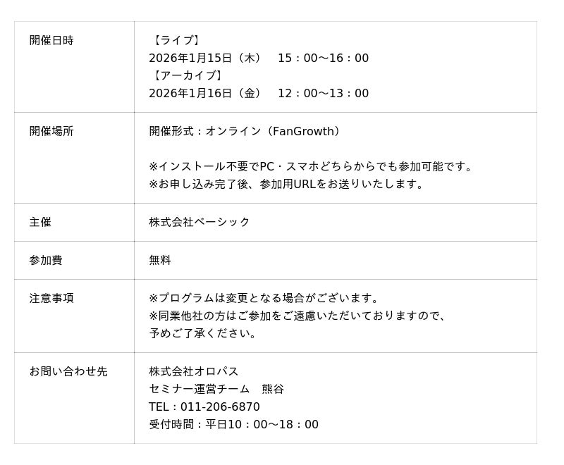 [表: https://prtimes.jp/data/corp/75553/table/91_1_8a998bbbcad5a21a39a74455493c98f6.jpg?v=202601091045 ]
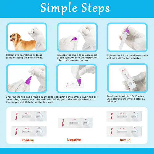 .Zestaw testowy CDV AG Sophbabioma na celu zapewnienieWyniki jakościowe w ciągu 10–15 minut, wykrywanie antygenów wwydzieliny oka i nosaStosując metodę immunochromatograficzną z podwójnym przeciwciałą. Z wyraźnymC-line i linia T.Wskaźniki wyników, ten zestaw obsługuje specjalistów weterynaryjnych pierwszej linii z pewnością i szybkością.
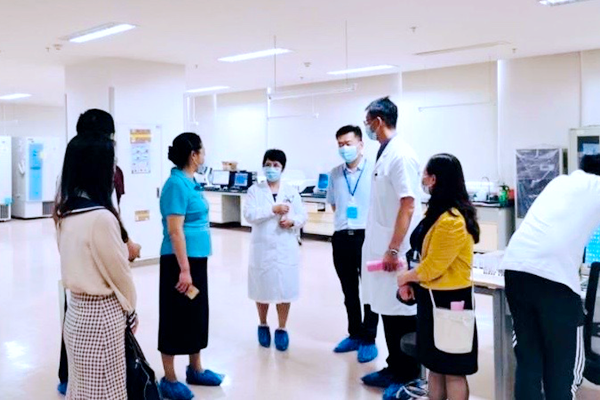 会后,秦小云一行实地走访了海南省肿瘤医院检验科、核医学科、临床技能培训中心以及实习生宿舍等处,并与我校实习生开展交流座谈,听取海南省肿瘤医院刘韦淞副院长对科教部教学管理工作汇报,全面掌握了解学生的学习生活情况。同学们还就个人实习生活情况进行了汇报。
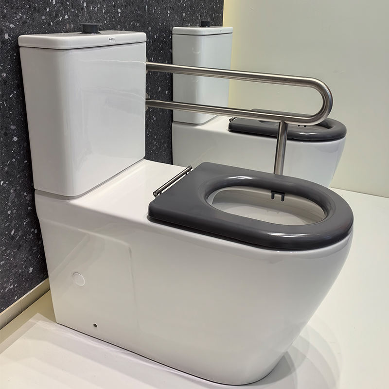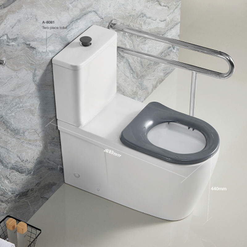 Inodoro de desactivación sin montura de artículos sanitarios CE de marca de agua de alta calidad 80Omm de largo 440mm de alto inodoro de dos piezas para discapacitados

■ Exercise directions ■
Give back all of the data exactly, but not the pictures.

■ Response ■
 [表: https://prtimes.jp/data/corp/75553/table/91_1_8a998bbbcad5a21a39a74455493c98f6.jpg?v=202601091045 ]
 .Zestaw testowy CDV AG Sophbabioma na celu zapewnienieWyniki jakościowe w ciągu 10–15 minut, wykrywanie antygenów wwydzieliny oka i nosaStosując metodę immunochromatograficzną z podwójnym przeciwciałą. Z wyraźnymC-line i linia T.Wskaźniki wyników, ten zestaw obsługuje specjalistów weterynaryjnych pierwszej linii z pewnością i szybkością.
 会后,秦小云一行实地走访了海南省肿瘤医院检验科、核医学科、临床技能培训中心以及实习生宿舍等处,并与我校实习生开展交流座谈,听取海南省肿瘤医院刘韦淞副院长对科教部教学管理工作汇报,全面掌握了解学生的学习生活情况。同学们还就个人实习生活情况进行了汇报。
 Inodoro de desactivación sin montura de artículos sanitarios CE de marca de agua de alta calidad 80Omm de largo 440mm de alto inodoro de dos piezas para discapacitados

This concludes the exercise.